The second argument was where Apple really messed up. It consistently alluded in its court filings to the fact that its trade secrets had been leaked - something that's a criminal offence under California's trade secret law. However, in its filings it made no attempt to actually show that a crime had been committed. It never showed that what was leaked constituted a trade secret, nor that the leak itself was illegal (as the judge put it, "That offense requires proof of, among other things, 'intent to deprive or withhold the control of [the] trade secret from its owner, or . . . to appropriate [the] trade secret to [the defendants] own use or to the use of another . . . .'").
Worse still, Apple significantlly undermined its own case in this respect by not joining the web sites themselves to a trade secrets case as defendents. It claimed that the sites published its trade secrets which, it claimed, had been illegally acquired. But at no point did it actually file a case against the sites accusing them of doing so. This means that Apple wasn't subpeonaing people it was accusing - it was subpeonaing third parties not enjoined to the case, which was a civil case not criminal. This undermined Apple's case, as courts are much less likely to overrule shield laws in civil cases.
However, there's clear precedent that journalists can be forced to reveal sources in cases in exceptional circumstances. Even at this point, Apple could have won its case: except for the fact that it hadn't done its job properly.
In order to force a journalist to reveal his sources in this kind of case, you need, legally, to have exhausted all other possible methods of getting the information you need. Apple, alas, did not do this: or, rather, it did not file documents with the court SHOWING that it had done this. As the judge put it:
"For example, would server or workstation logs show that an employee had copied the file to a CD-ROM? Transferred it to a flash memory device? Printed a copy? Printed it to an image file and transferred that? Uploaded it to an off-site host using any of various file transfer protocols?
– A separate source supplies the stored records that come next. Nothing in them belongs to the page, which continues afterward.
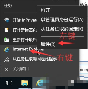 1、右键点击IE程序,打开属性(我是在任务栏里打开的)如下图所示,将最后面引号里面的网址去掉,只留下"C:\Program Files\Internet Explorer\iexplore.exe"(亦或是其他)。本以为这样就能解决,结果再打开浏览器,提示有程序要修改IE主页,看来还有程序在作怪。
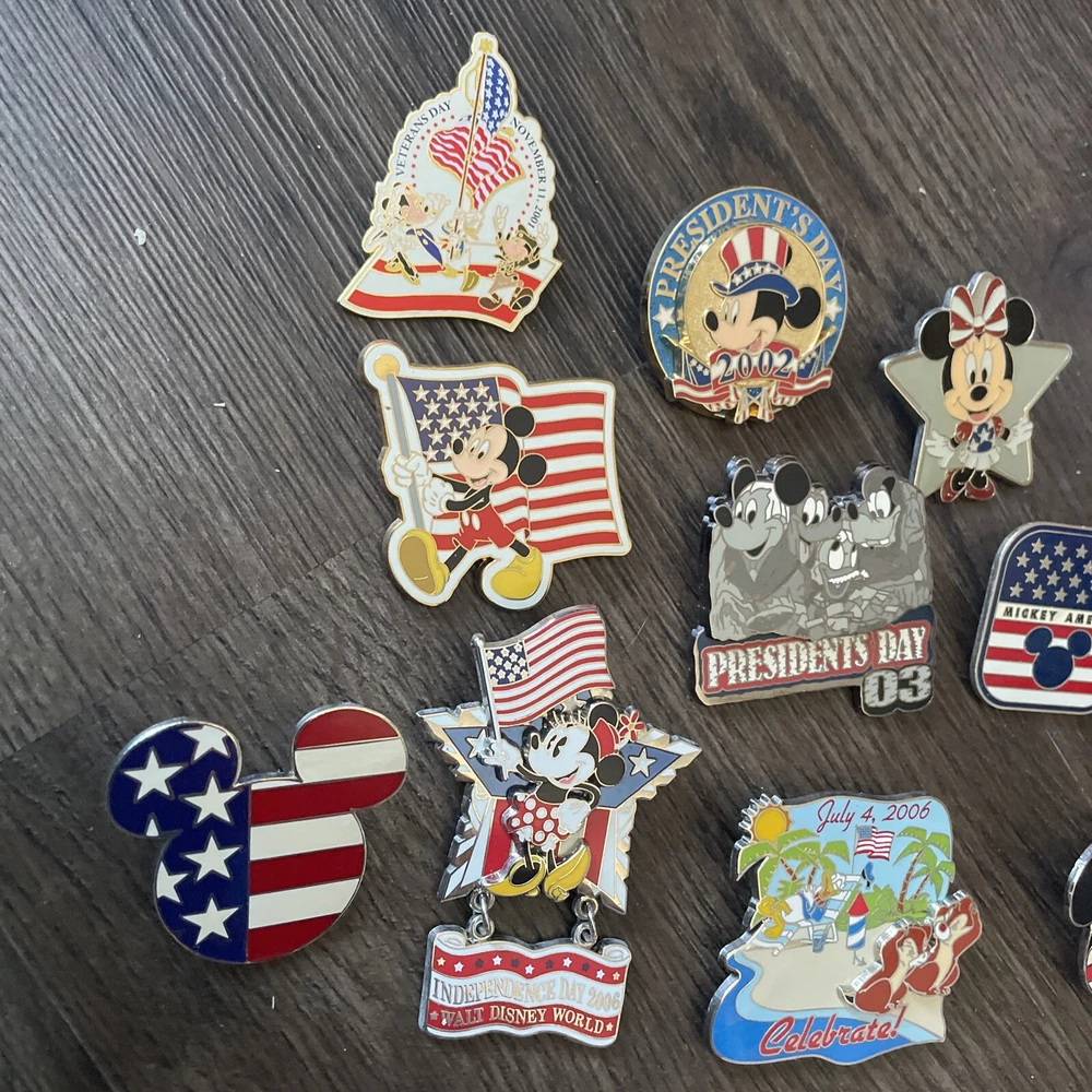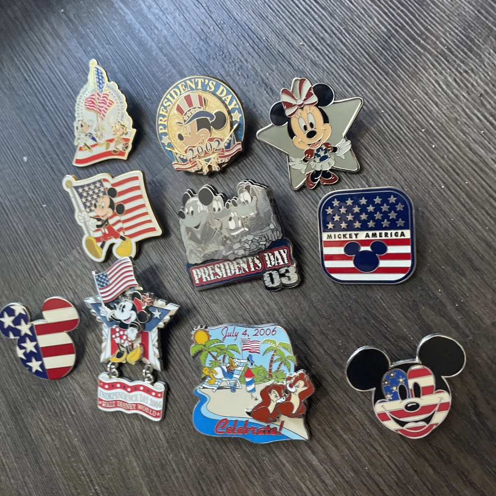 Disney Pin Patriotic Flag Lot Of 10 July Veteran President Mickey Minnie America. Condition is Used. Shipped with USPS Ground Advantage.
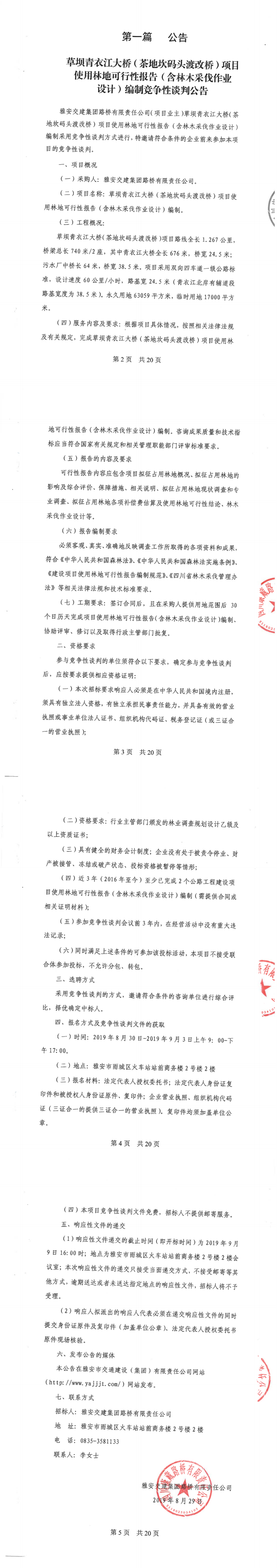 雅安交建集團(tuán)路橋有限責(zé)任公司草壩青衣江大橋(茶地坎碼頭渡改橋)使用林地可行性報(bào)告(含林木采伐作業(yè)設(shè)計(jì))編制競(jìng)爭性談判公告
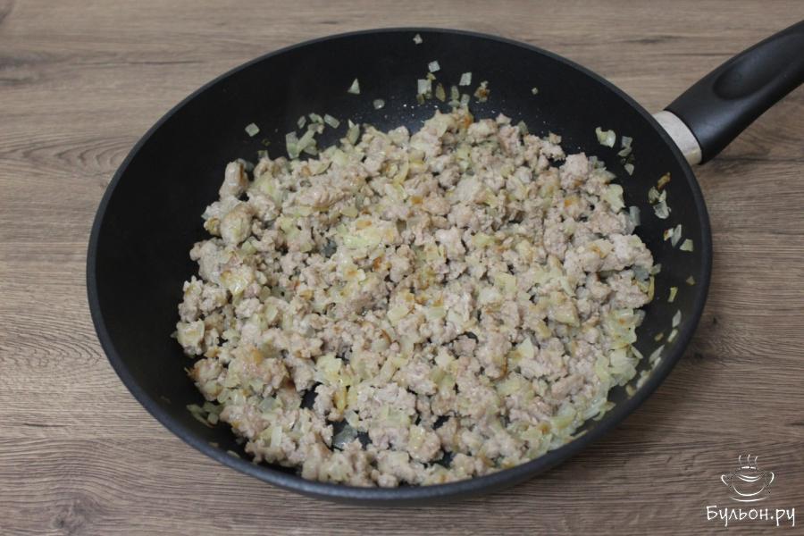 1. Очищенный лучок нарежьте кубиками и слегка обжарьте на рафинированном масле в большой глубокой сковороде. После чего выложите к луку фарш и готовьте до полного выпаривания влаги.
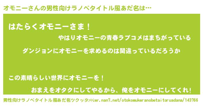 | 胡散臭い通販商品みたいなあだ名 | 『信頼と実績のサプリメント…その名も「オモニー」』 |
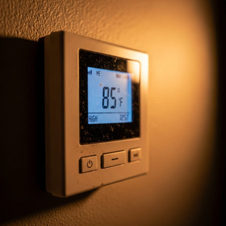 Close-up, cinematic shot of a home thermostat set to an extremely high temperature, emphasizing the
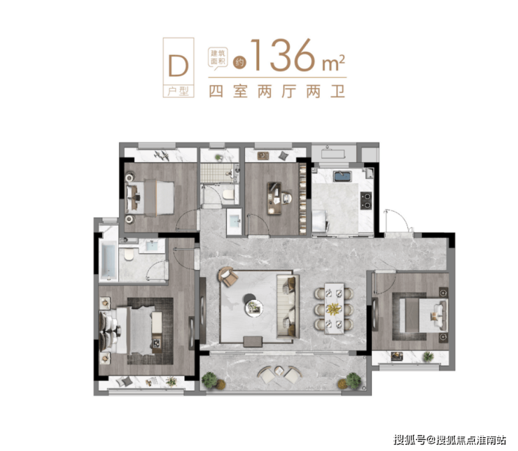 另一个136平户型也是同样精彩!大横厅的尺度感,不输150+大平层👇

Attached it to an email sent through a web-based mail server rather than through Apples own servers? Transferred it directly to a laptop or other portable computer? Without answers to these questions it is impossible to say that Apple exhausted other means of identifying the source of the leak. Yet Apples showing was entirely silent on these points even though petitioners asserted in the trial court that Apple had not 'fully exploited internal computer forensics.' "
All of which adds up to Apple failing miserably to show that it had a case in court. Apple's legal team messed up - badly.